# Data for the task:
◇ ◇ ◇ ◇ ◇

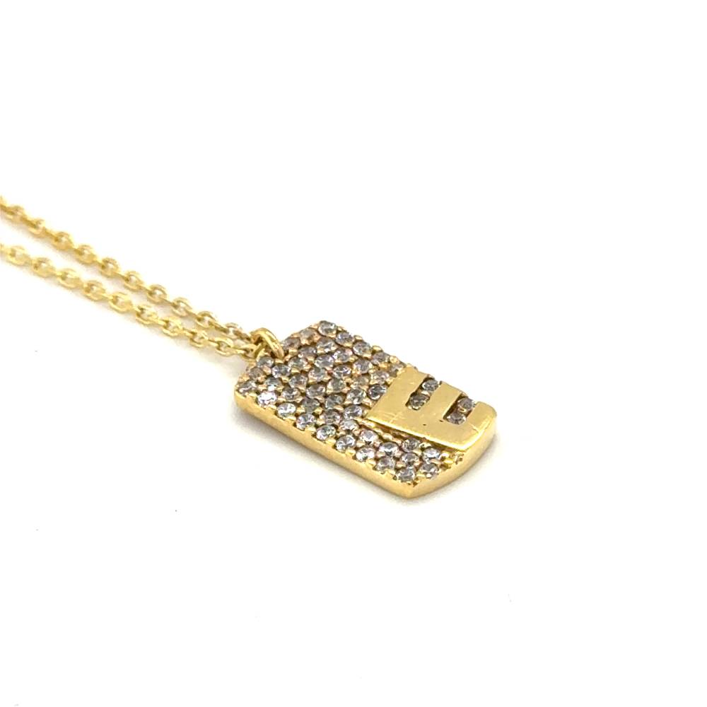 Κολιέ γυναικείο, μονόγραμμα Ε με λευκά ζιργκόν, φτιαγμένο από χρυσό Κ9 (375°).
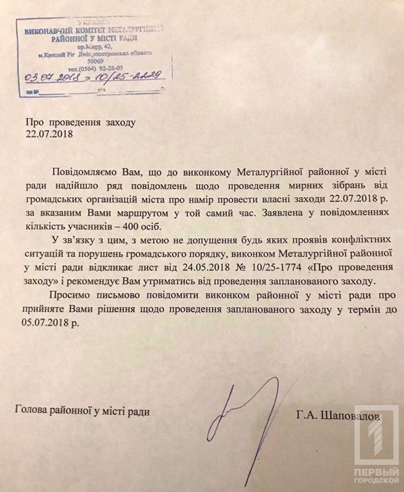 Причиной просьбы Геннадия Шаповалов об отмене проведения марша стало то, что именно в день «КривбассПрайда», 22 июля, другие патриотически настроенные общественные организации решили провести свои акции. Чтобы избежать конфликта, Металлургический исполком просил всех организаторов пойти на уступки и отменить запланированное.
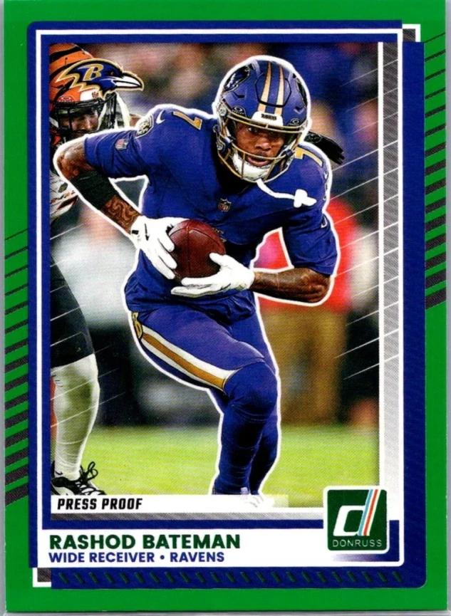 This is a nice example of a 2025 Donruss #25 Rashod Bateman Press Proofs Green
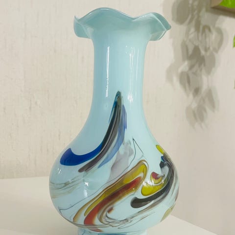 Søkeord: glassvase kunstglass kunstglassvase blomstervase pyntevase glasspynt retro.
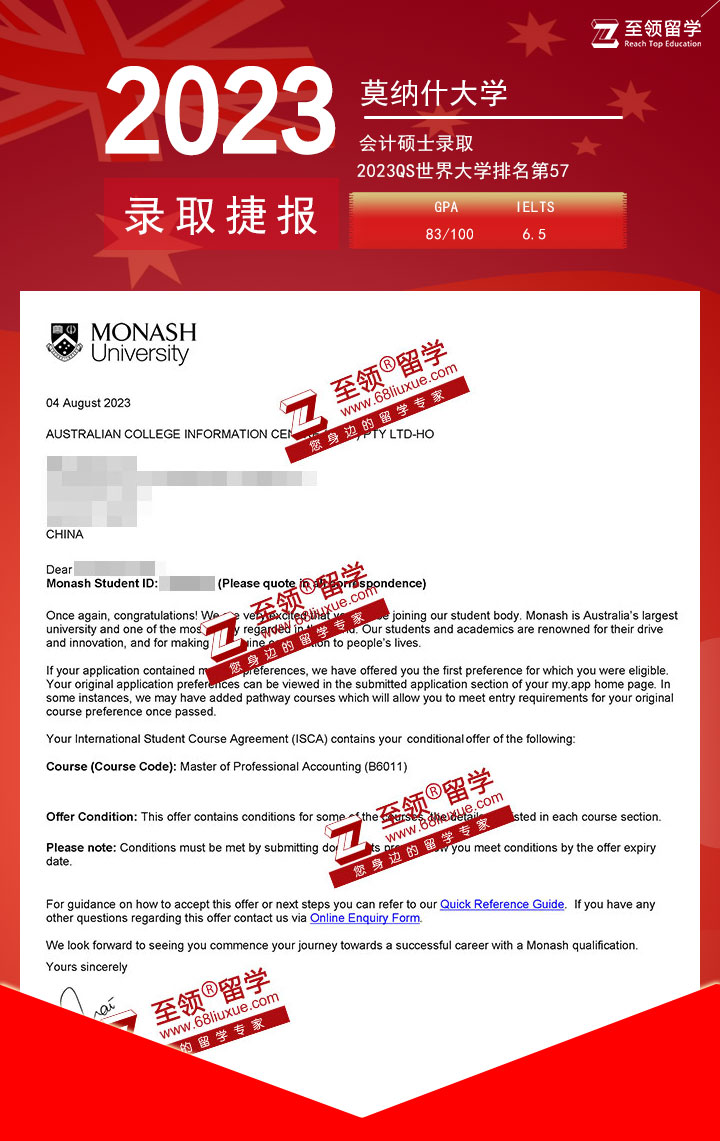 录取结果:Monash University,Master of Professional Accounting 莫纳什大学会计硕士录取

◇ ◇ ◇ ◇ ◇

# How to complete this task:
Beginning with the line that contains "Причиной просьбы Геннадия", print exactly every line through the end of the records, both included. Omit the pictures.

# Output of the task:
 Причиной просьбы Геннадия Шаповалов об отмене проведения марша стало то, что именно в день «КривбассПрайда», 22 июля, другие патриотически настроенные общественные организации решили провести свои акции. Чтобы избежать конфликта, Металлургический исполком просил всех организаторов пойти на уступки и отменить запланированное.
 This is a nice example of a 2025 Donruss #25 Rashod Bateman Press Proofs Green
 Søkeord: glassvase kunstglass kunstglassvase blomstervase pyntevase glasspynt retro.
 录取结果:Monash University,Master of Professional Accounting 莫纳什大学会计硕士录取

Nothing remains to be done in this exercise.